__Activity__:
Your task is to restate word for word the lines in the material below, from the one with "between these numbers" up to and including the one with "SULTRAONE.com.Konut – Anggota". Do not carry over the pictures.

__Exercise input__:
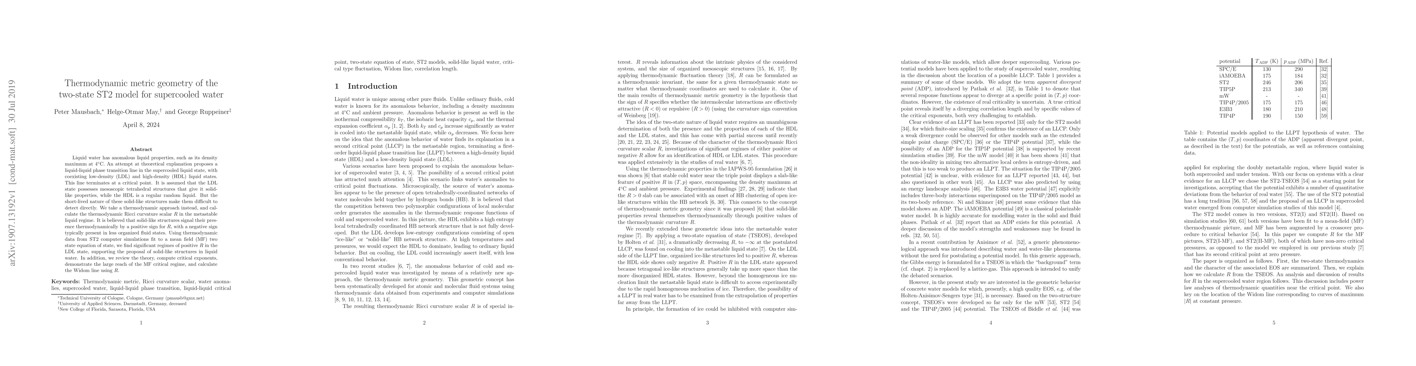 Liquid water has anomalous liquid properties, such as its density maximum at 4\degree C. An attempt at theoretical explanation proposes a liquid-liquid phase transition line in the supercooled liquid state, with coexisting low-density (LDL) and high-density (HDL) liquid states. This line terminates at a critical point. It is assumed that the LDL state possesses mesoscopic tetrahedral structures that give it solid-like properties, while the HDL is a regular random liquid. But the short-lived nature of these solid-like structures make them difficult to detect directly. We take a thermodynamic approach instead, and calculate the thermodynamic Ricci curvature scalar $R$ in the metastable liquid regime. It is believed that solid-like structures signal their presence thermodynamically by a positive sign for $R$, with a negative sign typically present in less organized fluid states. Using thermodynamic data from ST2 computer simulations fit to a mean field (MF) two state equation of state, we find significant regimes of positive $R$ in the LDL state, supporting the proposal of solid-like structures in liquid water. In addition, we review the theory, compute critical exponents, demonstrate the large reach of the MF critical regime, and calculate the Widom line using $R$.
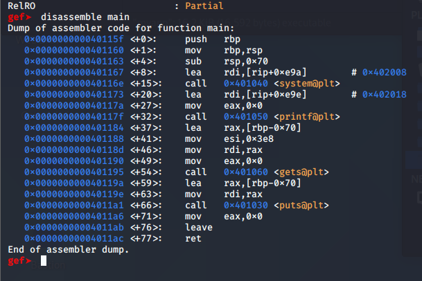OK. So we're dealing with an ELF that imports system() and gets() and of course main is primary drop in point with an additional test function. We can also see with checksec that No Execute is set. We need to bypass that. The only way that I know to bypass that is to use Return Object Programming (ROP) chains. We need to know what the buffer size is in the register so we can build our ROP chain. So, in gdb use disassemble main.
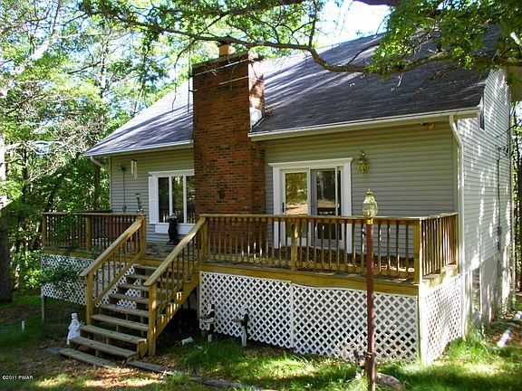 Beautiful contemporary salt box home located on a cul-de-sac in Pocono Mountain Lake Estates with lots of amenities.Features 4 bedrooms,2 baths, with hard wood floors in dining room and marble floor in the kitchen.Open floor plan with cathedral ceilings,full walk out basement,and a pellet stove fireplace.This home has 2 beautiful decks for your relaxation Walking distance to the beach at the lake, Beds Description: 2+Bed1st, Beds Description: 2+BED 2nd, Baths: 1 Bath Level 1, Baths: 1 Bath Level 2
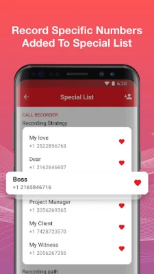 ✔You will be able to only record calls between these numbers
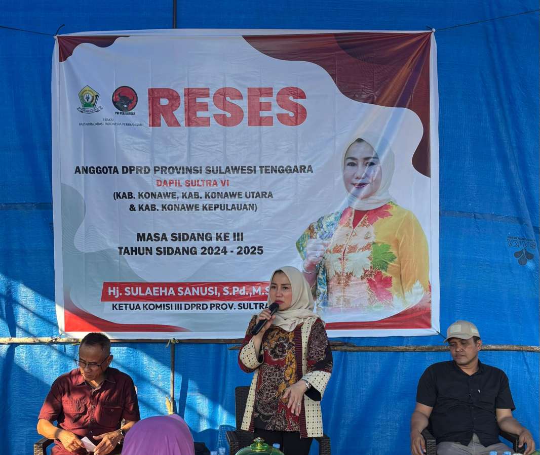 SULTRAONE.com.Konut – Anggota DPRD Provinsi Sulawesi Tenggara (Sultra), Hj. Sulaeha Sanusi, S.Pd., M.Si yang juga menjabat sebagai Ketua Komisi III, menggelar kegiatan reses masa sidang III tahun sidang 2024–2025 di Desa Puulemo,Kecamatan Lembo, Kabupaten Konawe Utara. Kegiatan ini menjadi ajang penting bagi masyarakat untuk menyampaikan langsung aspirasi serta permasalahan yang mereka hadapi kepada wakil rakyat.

--

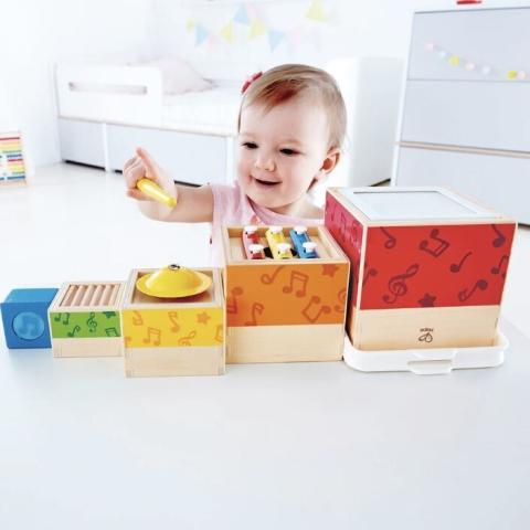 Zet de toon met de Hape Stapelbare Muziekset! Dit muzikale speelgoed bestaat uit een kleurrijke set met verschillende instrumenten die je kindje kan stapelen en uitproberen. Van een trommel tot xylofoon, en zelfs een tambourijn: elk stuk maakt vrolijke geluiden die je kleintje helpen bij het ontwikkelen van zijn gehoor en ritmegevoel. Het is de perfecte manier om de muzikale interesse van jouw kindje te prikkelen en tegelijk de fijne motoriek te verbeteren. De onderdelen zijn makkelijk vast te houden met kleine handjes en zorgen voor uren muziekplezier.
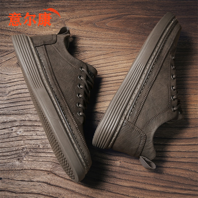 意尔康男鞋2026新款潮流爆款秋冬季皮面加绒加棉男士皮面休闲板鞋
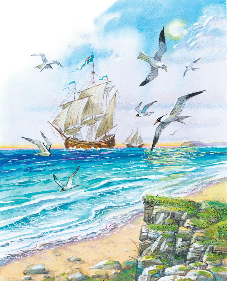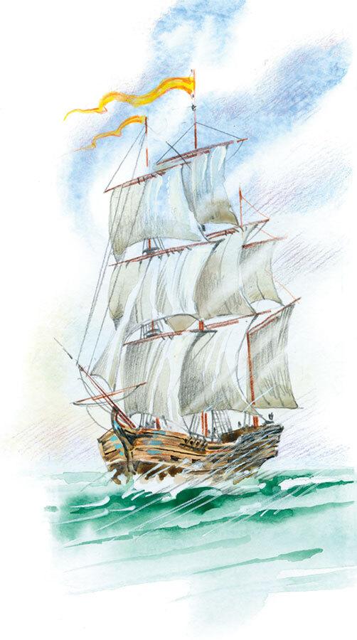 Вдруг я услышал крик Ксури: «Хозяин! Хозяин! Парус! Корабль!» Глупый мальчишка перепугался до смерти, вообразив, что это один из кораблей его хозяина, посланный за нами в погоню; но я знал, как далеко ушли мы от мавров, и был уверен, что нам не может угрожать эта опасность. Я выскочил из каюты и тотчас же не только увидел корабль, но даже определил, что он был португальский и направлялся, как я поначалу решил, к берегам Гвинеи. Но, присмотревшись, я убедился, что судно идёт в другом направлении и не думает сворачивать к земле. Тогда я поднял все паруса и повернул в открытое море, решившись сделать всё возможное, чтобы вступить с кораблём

--

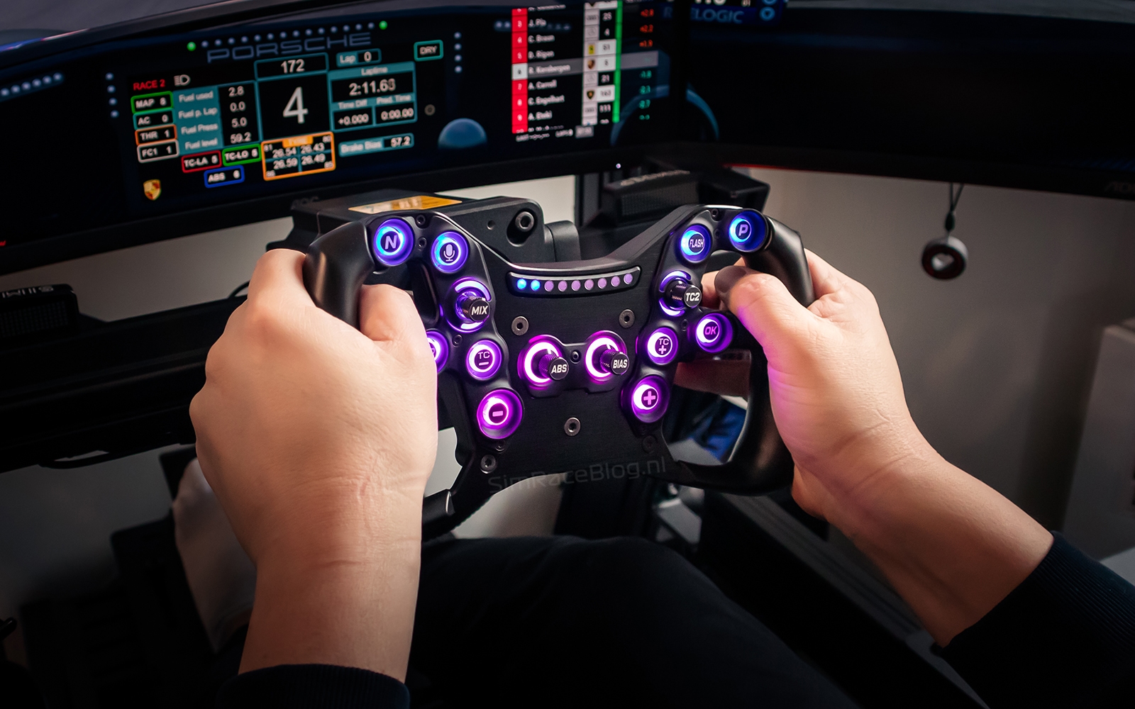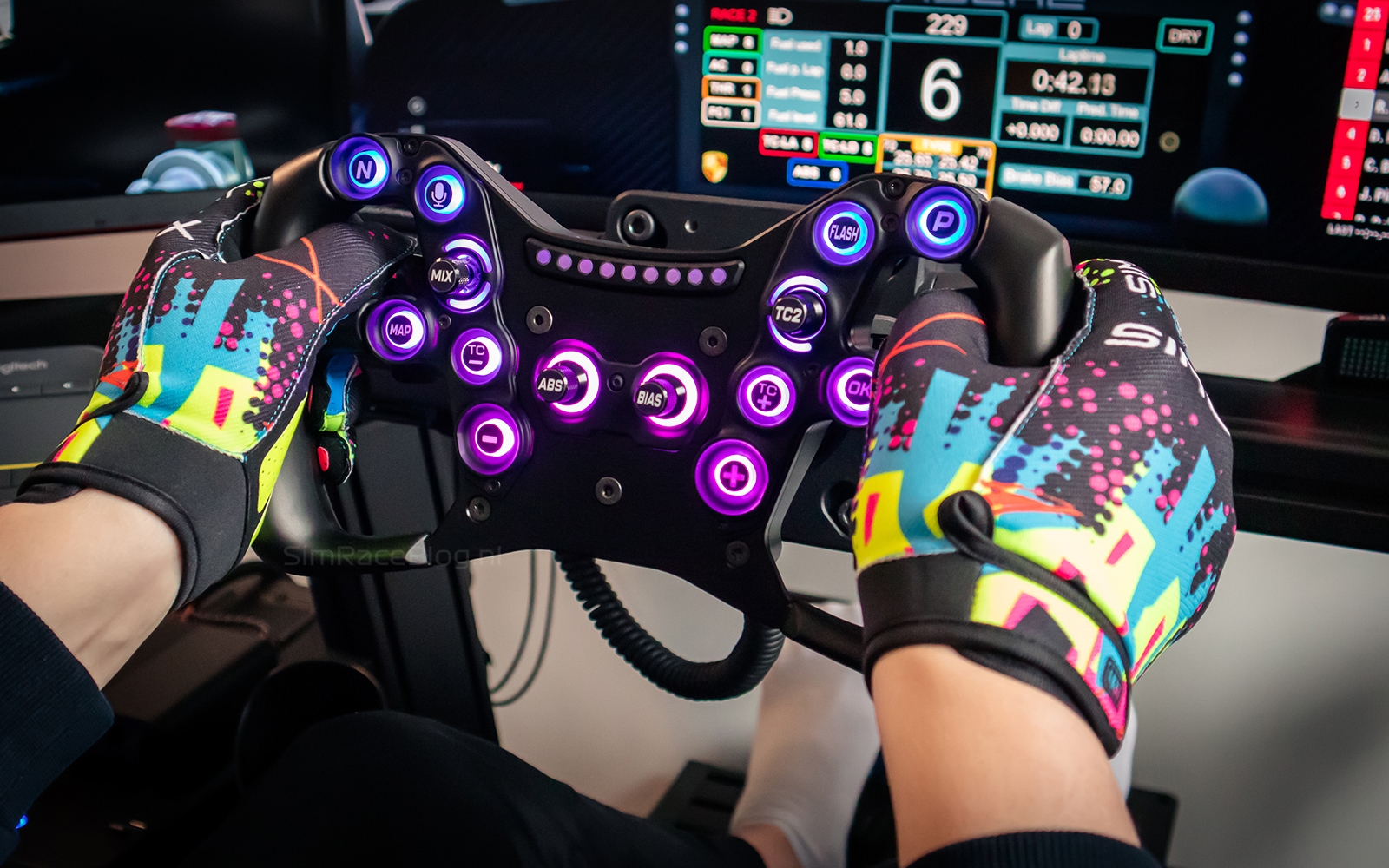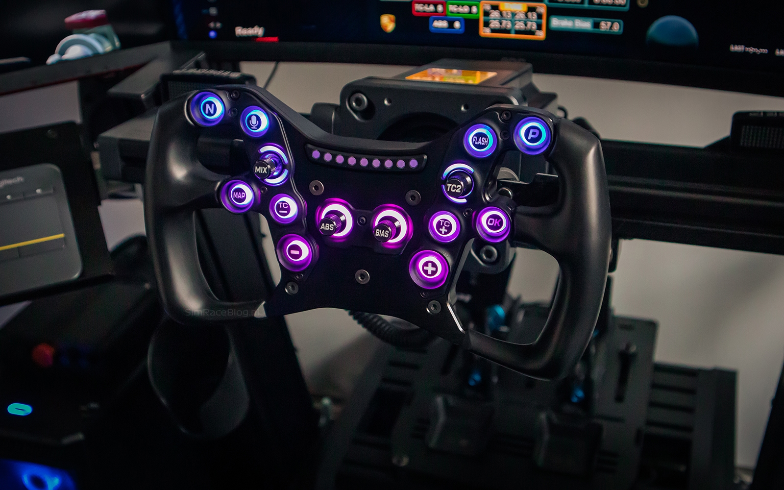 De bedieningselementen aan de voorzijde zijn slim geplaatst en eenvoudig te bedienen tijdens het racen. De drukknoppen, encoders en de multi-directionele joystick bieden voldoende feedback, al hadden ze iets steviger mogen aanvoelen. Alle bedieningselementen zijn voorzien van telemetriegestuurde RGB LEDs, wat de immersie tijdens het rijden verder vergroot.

__Your solution__:
 ✔You will be able to only record calls between these numbers
 SULTRAONE.com.Konut – Anggota DPRD Provinsi Sulawesi Tenggara (Sultra), Hj. Sulaeha Sanusi, S.Pd., M.Si yang juga menjabat sebagai Ketua Komisi III, menggelar kegiatan reses masa sidang III tahun sidang 2024–2025 di Desa Puulemo,Kecamatan Lembo, Kabupaten Konawe Utara. Kegiatan ini menjadi ajang penting bagi masyarakat untuk menyampaikan langsung aspirasi serta permasalahan yang mereka hadapi kepada wakil rakyat.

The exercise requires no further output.